#### What is expected
Write out the data below in full, unchanged, minus the images.

#### Data section
-- Opening Marker --

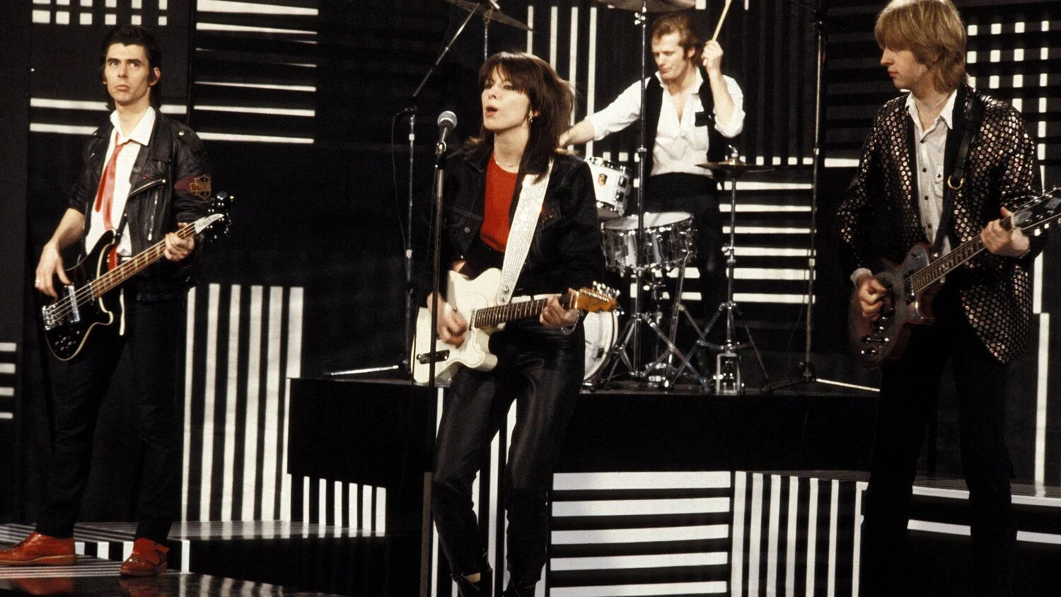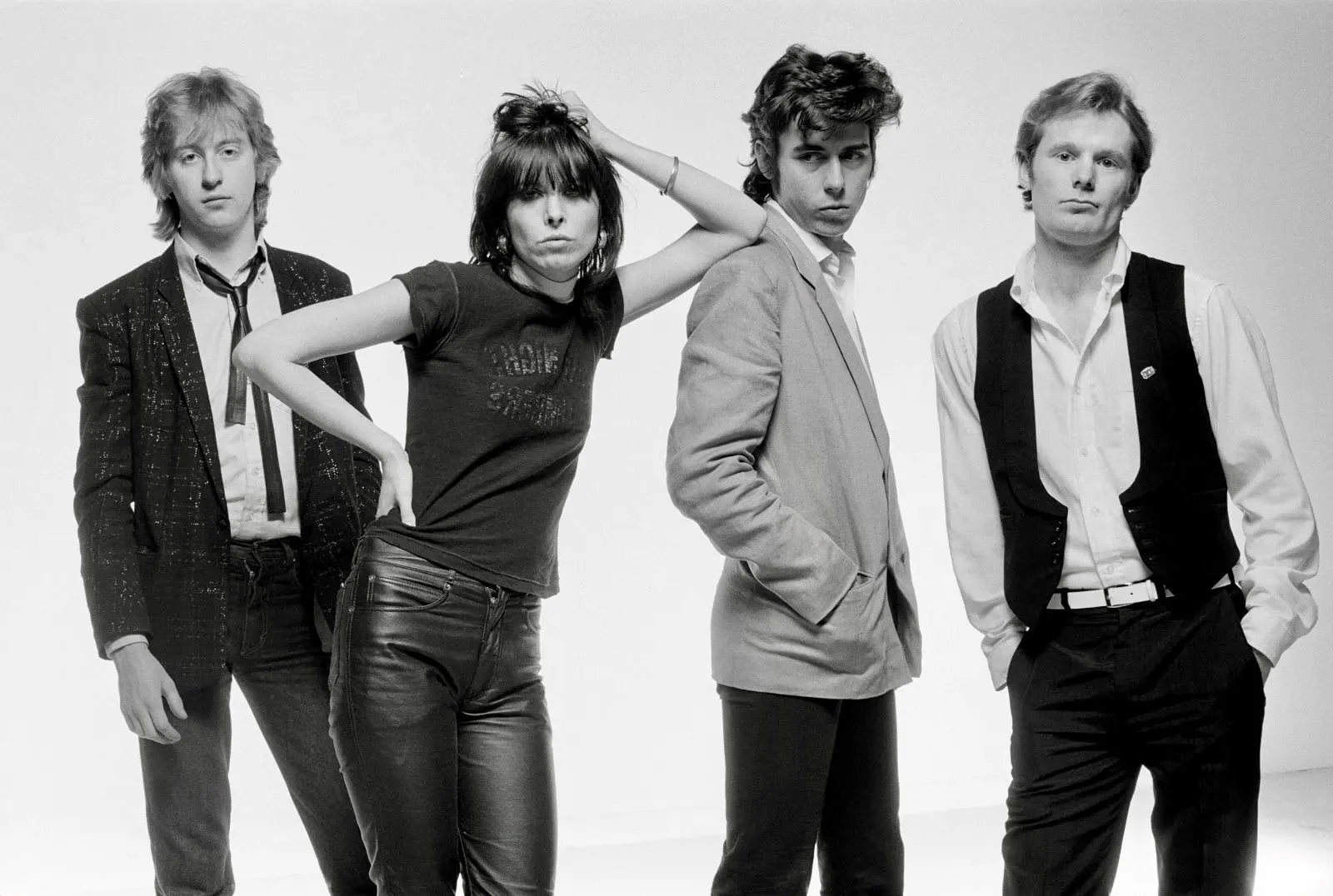 Formed in March 1978. The original band consisted of founder and main songwriter Chrissie Hynde (lead vocals, rhythm guitar), James Honeyman-Scott (lead guitar, backing vocals, keyboards), Pete Farndon (bass guitar, backing vocals), and Martin Chambers (drums, backing vocals, percussion). Following the deaths of Honeyman-Scott and Farndon in 1982 and 1983, the band experienced numerous personnel changes; Hynde has been the band's only consistent member.
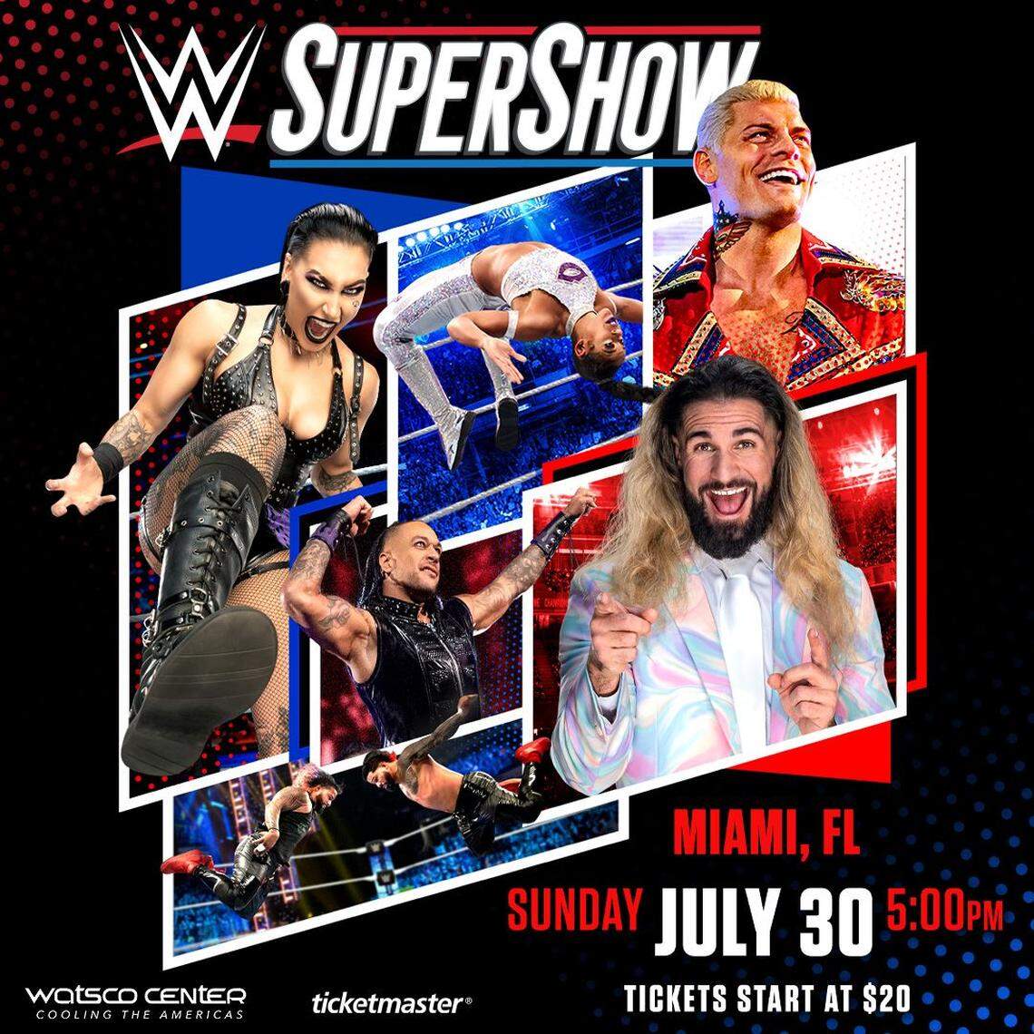 WWE makes its main roster Watsco Center debut at the University of Miami in Coral Gables on Sunday, July 30. NOTE: Bell time 5 p.m.
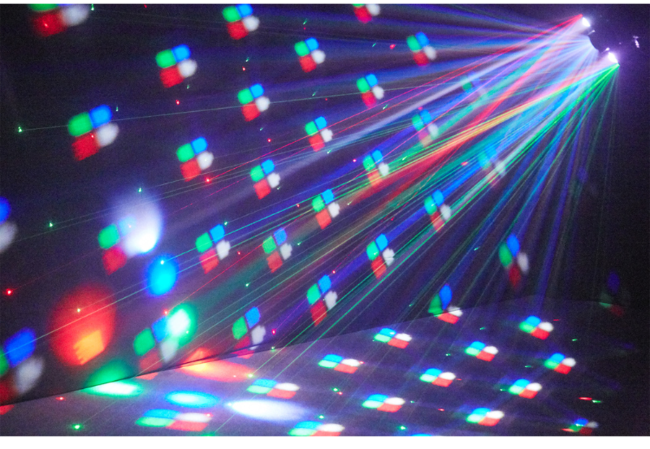 | Źródło światła | efekt beam: 2x3W R LED, 2x3W G LED, 2x3W B LED, 2x3W W LED laser czerwony: 50 mW laser zielony: 50 mW efekt Magic Ball: 15W RGBW LED 4w1 efekt ring: 12x0,2W RGB LED 3w1 |

-- Closing Marker --

#### Answer box
 Formed in March 1978. The original band consisted of founder and main songwriter Chrissie Hynde (lead vocals, rhythm guitar), James Honeyman-Scott (lead guitar, backing vocals, keyboards), Pete Farndon (bass guitar, backing vocals), and Martin Chambers (drums, backing vocals, percussion). Following the deaths of Honeyman-Scott and Farndon in 1982 and 1983, the band experienced numerous personnel changes; Hynde has been the band's only consistent member.
 WWE makes its main roster Watsco Center debut at the University of Miami in Coral Gables on Sunday, July 30. NOTE: Bell time 5 p.m.
 | Źródło światła | efekt beam: 2x3W R LED, 2x3W G LED, 2x3W B LED, 2x3W W LED laser czerwony: 50 mW laser zielony: 50 mW efekt Magic Ball: 15W RGBW LED 4w1 efekt ring: 12x0,2W RGB LED 3w1 |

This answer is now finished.